Rynek nieruchomości w Wielkiej Brytanii przeżywa odrodzenie po kilku miesiącach niemal całkowitego zastoju. Średnia cena wystawianej oferty od 7 czerwca do 11 lipca podskoczyła w porównaniu z marcem o 2,4 proc. do ponad 320 tys. funtów – wynika z danych Rightmove, największego brytyjskiego portalu nieruchomości notowanego na londyńskiej giełdzie. W ujęciu rocznym, kwota ta wzrosła o 3,7 proc., najwyżej od grudnia 2016 r. Co warto zaznaczyć, średnia z marca była dotychczas pod tym względem rekordowa. Oprócz ceny nieruchomości, zapytania od klientów dotyczące poszczególnych ofert zwiększyły się od początku lipca o 75 proc. w ujęciu rok do roku.

Jak czytamy w raporcie, zwiększone zainteresowanie inwestycjami związane jest m.in. ze zwolnieniem z opłaty skarbowej w przypadku zakupu nieruchomości o wartości poniżej 500 tys. funtów. Oznacza to, że klient decydujący się na nieruchomość o wartości 500 tys. funtów zaoszczędzi 15 tys. funtów. – Nieoczekiwany miniboom nabiera rozpędu w miarę otwierania gospodarek kolejnych państw. Zwykle intensywny okres wiosenny, przerwany przez pandemię, przyspiesza dzięki wakacjom od opłaty skarbowej oraz konsumentom, którzy postanowili zmienić swój styl życia po lockdownie – stwierdził Miles Shipside, analityk tynku mieszkaniowego w Rightmove. Wakacje od opłaty skarbowej potrwają do końca marca 2021 r.

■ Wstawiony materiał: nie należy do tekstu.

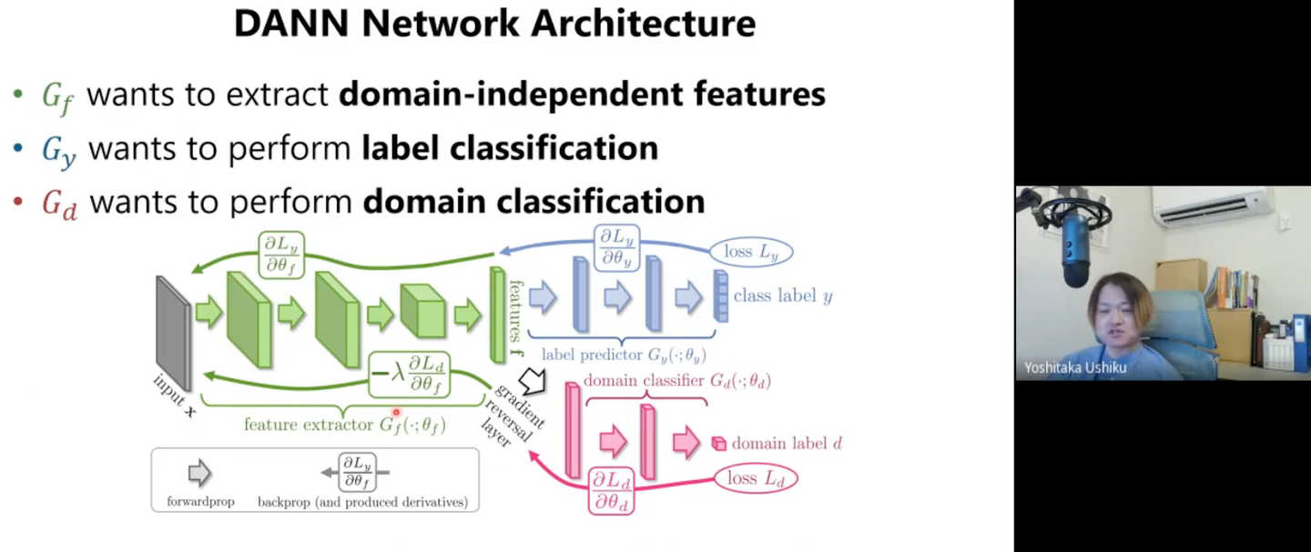 赤のモジュールはDomainの差を見破りたいため,Lossを最小化させたいですが、緑のモジュールはDomainによる差を無くしたいためLossを大きくしたいという目的を持っています。(GANとの違いは同じネットワークの中で逆の目的を持ったモジュールが存在していること)

Dane zgromadzone przez Rightmove dotyczą Anglii, Szkocji oraz Walii i stoją w sprzeczności z tymi opublikowanymi na początku miesiąca przez bank Halifax, zgodnie z którymi ceny nieruchomości w Wielkiej Brytanii spadły o 0,1 proc. Jednak zdaniem Milesa Shipsidea, dane zgromadzone przez Rightmove są najnowszym wskaźnikiem aktualnych trendów, które zostaną odzwierciedlone w nadchodzących miesiącach w innych raportach. – Ceny będą dalej rosły w wyniku rosnącego, bezprecedensowego popytu. Ten został jednak sfabrykowany przez kanclerza, który wakacjami od opłaty skarbowej chce wzmocnić gospodarkę poprzez rynek nieruchomości – podsumował Marc von Grundherr, przewodniczący zarządu w Benham & Reeves.